なお、データセット全体は同一ですが、テスト用のデータセットを固定して比較したものではなく、細かな条件で結果は変化するため、あくまで実行例の一つとしてご理解ください。

Application RMSE R2
SageMaker Canvas 3.65 0.86
PyCaret(Tuned Model) 4.1225 0.7954
PyCaret(Stacking) 2.9847 0.8927

PyCaretの性能指標はPyCaretで学ぶデータ分析におけるAutoMLの利用からの抜粋です。

SageMaker Canvasの動作

SageMaker CanvasをGUI(コンソール)から利用していると意識することはありませんが、裏側ではSageMakerの各種機能が実行されています。例えば以下の様にSageMakerのトレーニングジョブが記録されています。

今回の実行では104個のトレーニングジョブが実行されていました。他にも前処理や特徴量分析(SageMaker Clarifyを利用)としてプロセッシングジョブ、ハイパーパラメータチューニングのジョブなども実行されていました。

SageMaker Canvasのコンソールからは生成されたモデルのアルゴリズムを確認することができませんが、SageMakerのコンソールからであればハイパーパラメータチューニングされたモデルをみることで、詳細を確認する事ができます(今回選択されたのはMXNetになっているため、コードの詳細をみないとニューラルネットワークであること以上の仕組みがわかりませんが)。


実装的にはSageMaker AutopilotのGUI版という感じです。

まとめ

AutoMLは単純に精度を求めて使用する仕組みではないと思いますが、データ量に応じたコーディング上の工夫や推論エンドポイントの提供などを気にすることなく全てGUIで完結するため、手軽にデータを分析する手段としてエンジニアであっても利用するシーンがあると思われます。

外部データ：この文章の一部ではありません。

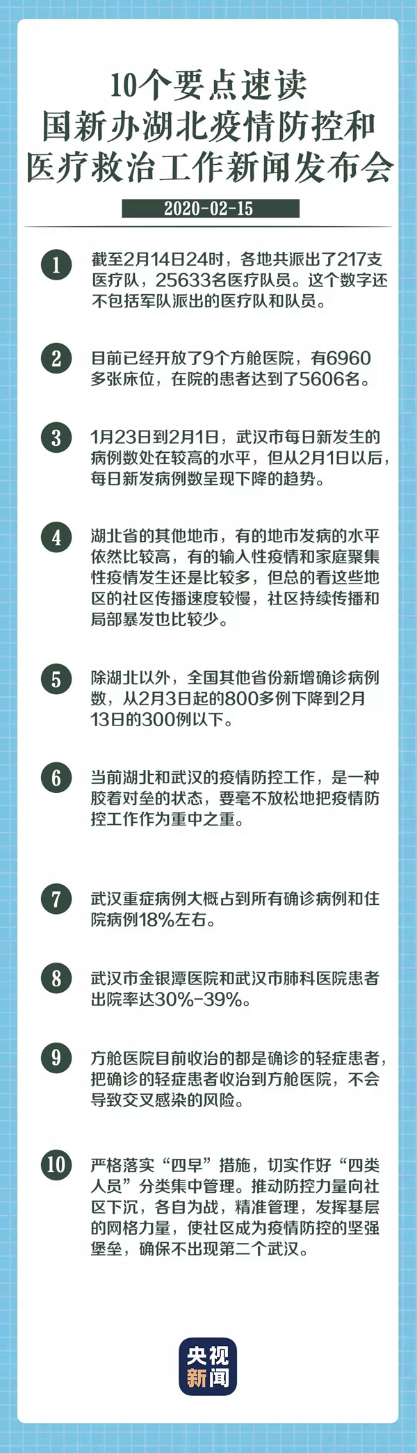 王賀勝:當前新冠疫情的防控到了最關鍵的階段,湖北省武漢市仍然是主戰(zhàn)場,醫(yī)療救治工作堅持把提高收治率、治愈率,降低感染率、病亡率作為重中之重。推動防控力量向社區(qū)下沉,各自為戰(zhàn),精準管理,發(fā)揮基層的網格力量,使社區(qū)成為疫情防控的堅強堡壘,確保不出現第二個武漢。

特にSageMaker Canvasは裏の仕組みがSageMakerであるため、SageMaker Studioなどでそのまま再利用することができます。適用できるタスクは制限されますが、ベースラインの生成で活躍しそうです。

なお、気になる料金ですが、データセットのセル数とセッション時間の2つの合計です。恐らくトレーニング時間ではなく、データセットのデータ量で決定すると思うのですが、セッション時間の定義が今一理解できませんでした。今回の利用では少なくとも$30かかっており、個人で試される方はご注意ください。